千駄ヶ谷のアパートでは、今思えばあんまり話しが弾まなかったのかもしれない。初めてのデートで衝動的に抱きしめてしまったことで始まった交際で、お互いのことを良く知らないままに交際がスタートして、考えが違うし、お互いに好きなタイプではない。少なくとも俺は美樹のタイプではなかった。俺と別れたあとに美樹は二十歳で同棲、二十一で最初の結婚、三十歳で二度目の結婚をしたのだが、どちらの相手も細身で長身で、俺とはまったく違う体型である。
それでも、最初のデートで「ワタシ、友達がいないのー」という話しをする美樹は、なんだかんだありながらも交際を続けていた。
千駄ヶ谷時代の美樹との会話で、二つ印象に残っていることがある。
一つは、「私、二十歳になったら生活保護を受けるの」。 詳しくは知らないものの、生活保護という制度があるのは知っていた。
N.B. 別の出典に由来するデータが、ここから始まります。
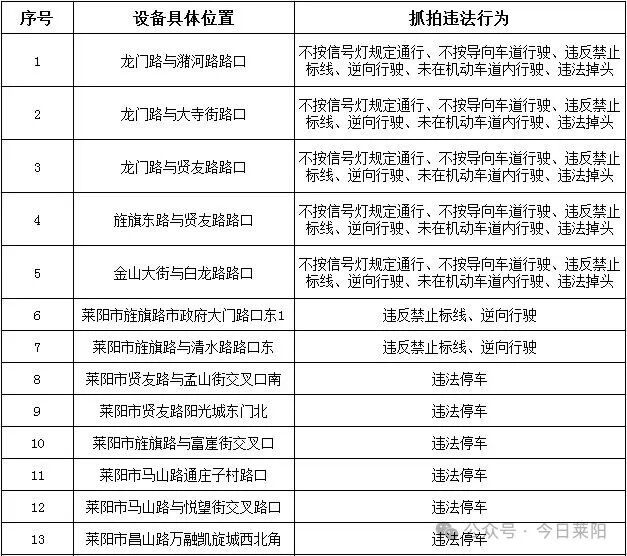 自公告之日起5日后,莱阳市公安局交通管理大队将严格按照《中华人民共和国道路交通安全法》等有关法律规定,依法进行管理,违反信号灯通行规定、不按所需行进方向驶入导向车道、不在机动车道内行驶、违反禁止标线指示、逆向行驶、违法调头、违法停车等违法行为将被系统自动抓拍。请广大交通参与者自觉遵守道路交通法律法规,共同维护良好的道路交通环境。
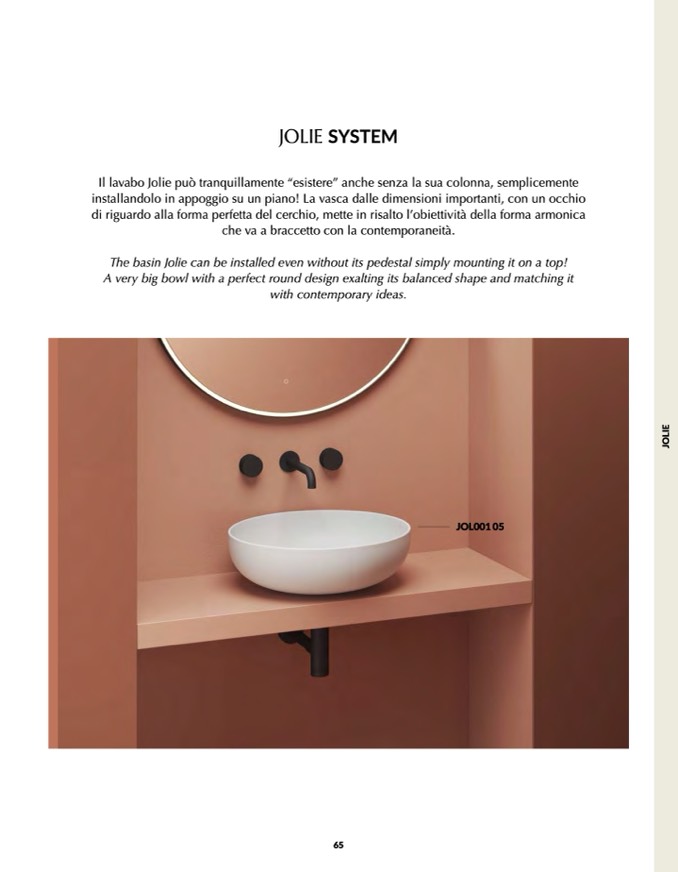 The basin Jolie can be installed even without its pedestal simply mounting it on a top!
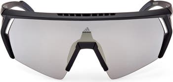 Sports styling amps up these modern shield sunglasses featuring wraparound protection for on the field or in the streets.
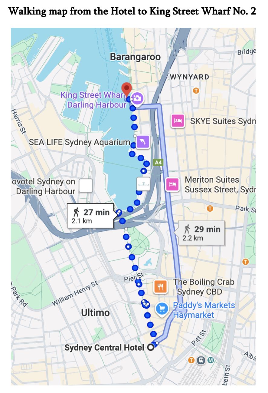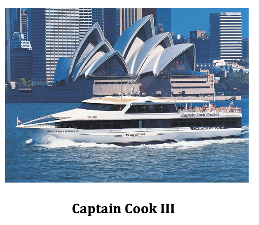 We will board the Captain Cook III cruise boat from No. 2, King Street Wharf. See the provided map on the back of this page.
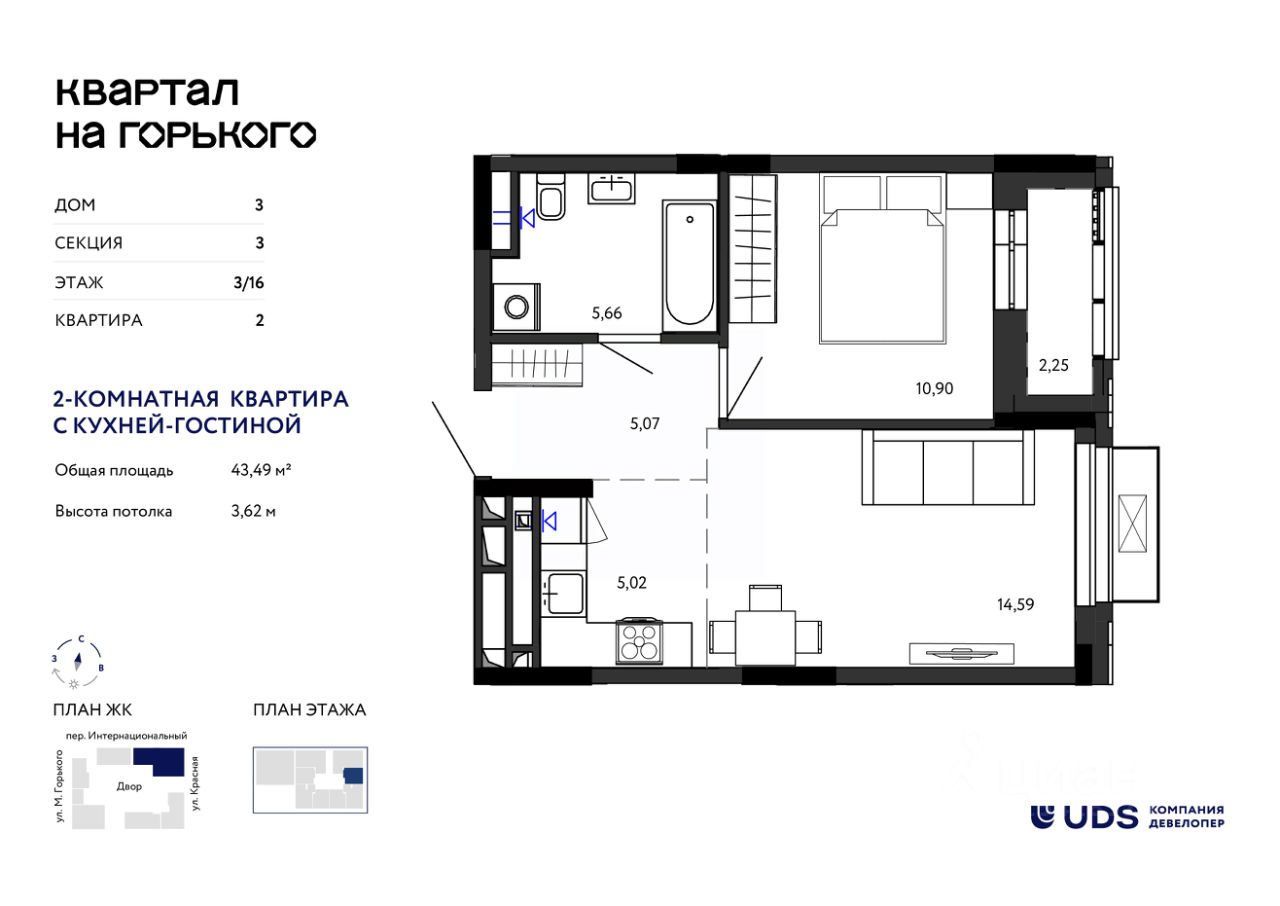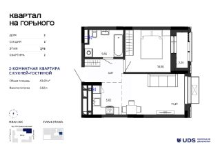Общая площадь43,49 м²
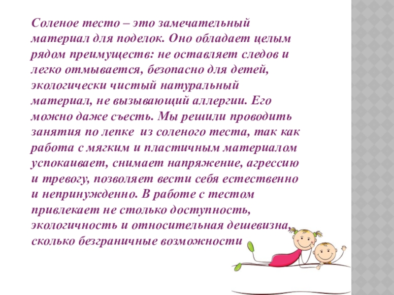 рядом преимуществ: не оставляет следов и легко отмывается, безопасно для детей, экологически чистый натуральный материал, не вызывающий аллергии. Его можно даже съесть. Мы решили проводить занятия по лепке из соленого теста, так как работа с мягким и пластичным материалом успокаивает, снимает напряжение, агрессию и тревогу, позволяет вести себя естественно и непринужденно. В работе с тестом привлекает не столько доступность, экологичность и относительная дешевизна, сколько безграничные возможности
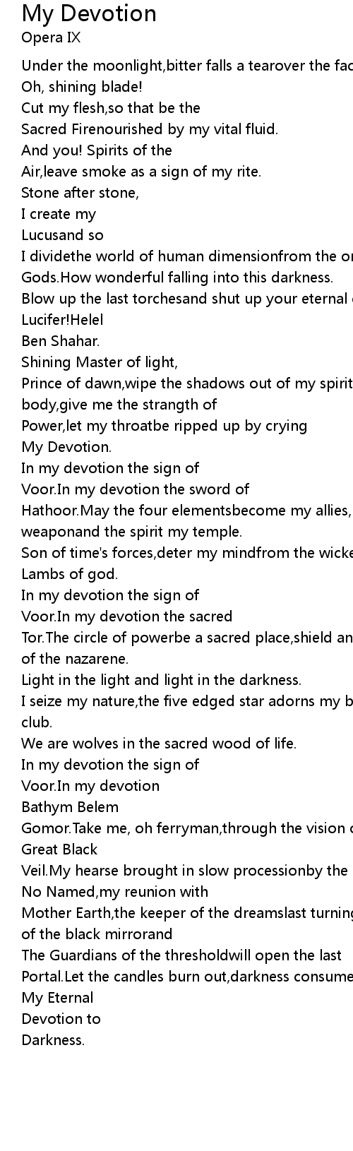 Hathoor.May the four elementsbecome my allies,may the faith of darknessbe my weaponand the spirit my temple. |
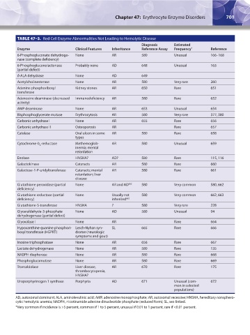 TABLE 47–3. Red Cell Enzyme Abnormalities Not Leading to Hemolytic Disease
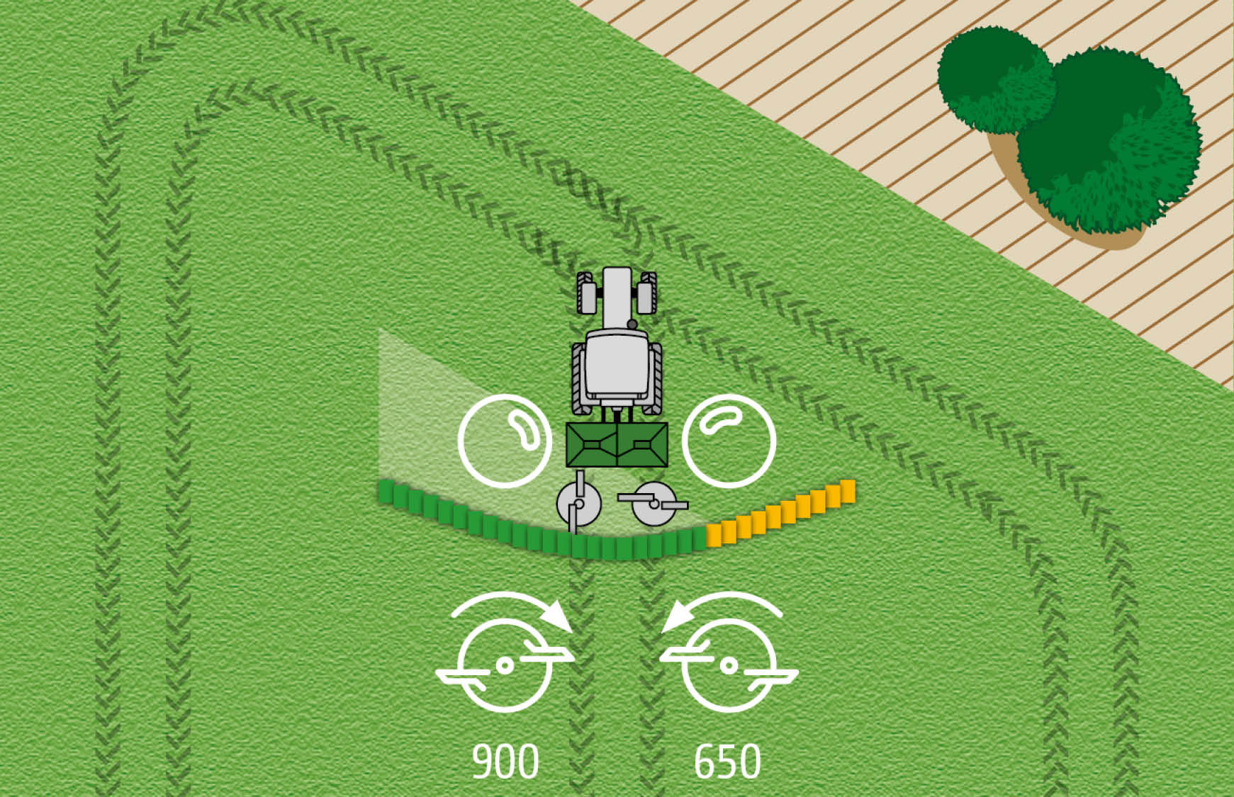 Jeśli terminal obsługowy posiada funkcję Section Control, jak np. przełączanie sekcji szerokości GPS-Switch firmy AMAZONE, to mogą być one przełączane całkowicie automatycznie w zależności od pozycji GPS. Jeśli utworzono pole, kierowca może w trybie automatycznym w pełni skoncentrować się na obsłudze pojazdu, ponieważ sekcje szerokości są przełączane automatycznie w klinach i na poprzeczniakach.

しかし、身近にそれを受けようとしている人がいるのは理解できなかった。 生活保護?あなたは若いし、働こうと思えば働けるんだから、働けばいいじゃない。
もう一つは「私、早く結婚したいのよぉ」。 知らなかった。そうだったのか。「え、結婚したいの?」「そう、早く結婚したいの」「今すぐにでも?」「そう、今すぐにでも」 ・・・その言い方だと、結婚相手は、俺じゃないよね。この時美樹は19歳。世間ではまだ結婚を考える歳ではない。でも美樹は結婚したいらしい。 美樹と結婚できるのならしたいけど、俺にはまだ早いし、卒業して就職してお金稼げるようになってから・・・いやでも美樹はすぐにでも結婚したいんだよね。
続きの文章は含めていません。